## INSTRUCTIONS FOR THE TASK
Locate, in the data below, the line that contains "Тумба с раковиной" and the line that contains "Según compartió en"; reproduce exactly those two lines and every line between them, nothing more.
------ SOURCE DATA ------
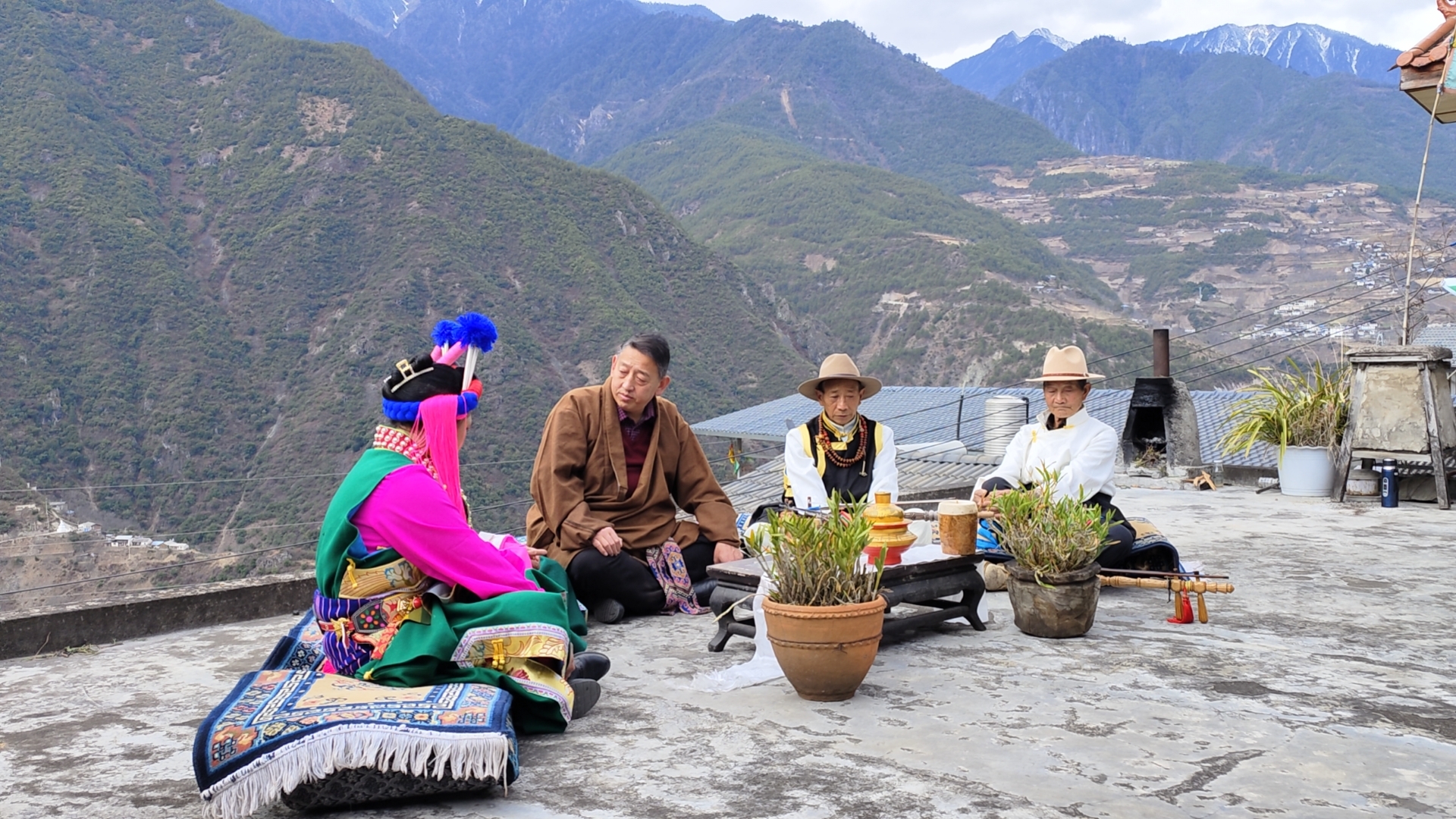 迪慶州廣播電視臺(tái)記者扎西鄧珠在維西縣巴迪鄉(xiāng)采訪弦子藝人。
------
------ SOURCE DATA ------
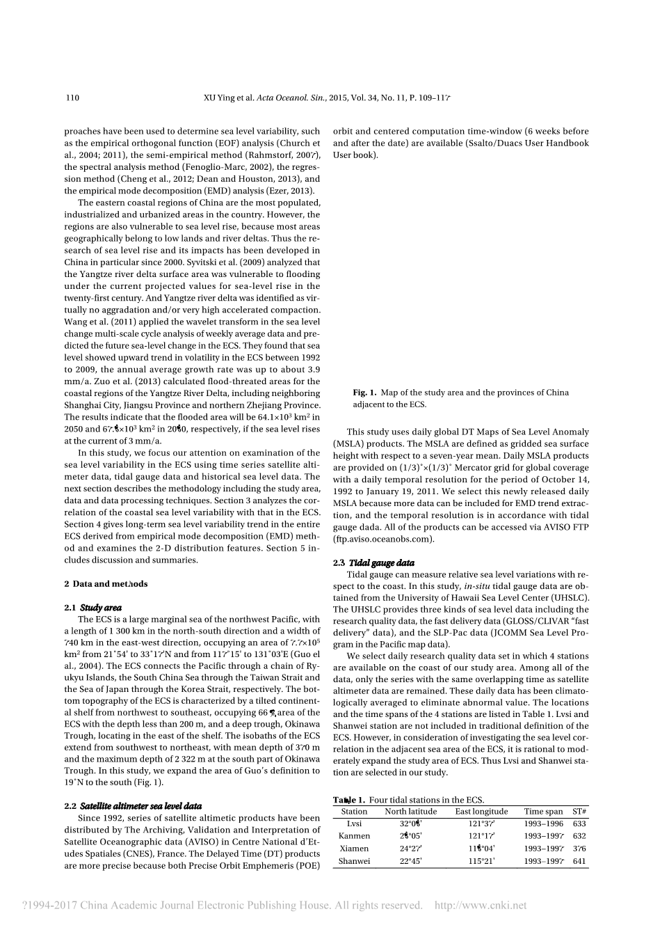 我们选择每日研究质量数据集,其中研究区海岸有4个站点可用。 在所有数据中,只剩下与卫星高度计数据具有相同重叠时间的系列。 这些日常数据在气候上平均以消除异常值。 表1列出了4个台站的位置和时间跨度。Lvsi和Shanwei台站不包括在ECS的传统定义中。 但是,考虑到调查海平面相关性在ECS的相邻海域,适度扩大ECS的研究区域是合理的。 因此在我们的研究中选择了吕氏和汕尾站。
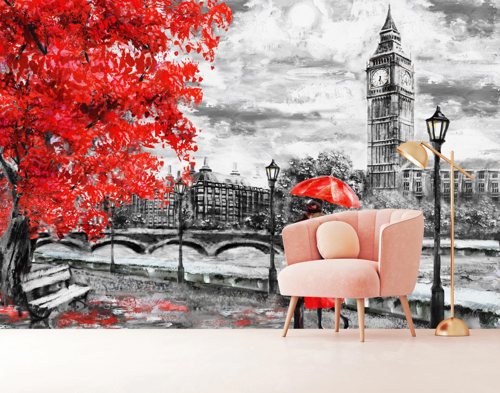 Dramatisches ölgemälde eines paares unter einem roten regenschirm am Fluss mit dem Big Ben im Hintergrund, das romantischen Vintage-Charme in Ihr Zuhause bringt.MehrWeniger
------
------ SOURCE DATA ------
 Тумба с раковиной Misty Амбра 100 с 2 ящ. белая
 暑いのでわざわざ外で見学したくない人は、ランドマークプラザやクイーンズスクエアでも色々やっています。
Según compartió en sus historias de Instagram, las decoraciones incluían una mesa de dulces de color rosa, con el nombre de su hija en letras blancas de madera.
------
## PROBLEM SOLUTION
 Тумба с раковиной Misty Амбра 100 с 2 ящ. белая
 暑いのでわざわざ外で見学したくない人は、ランドマークプラザやクイーンズスクエアでも色々やっています。
Según compartió en sus historias de Instagram, las decoraciones incluían una mesa de dulces de color rosa, con el nombre de su hija en letras blancas de madera.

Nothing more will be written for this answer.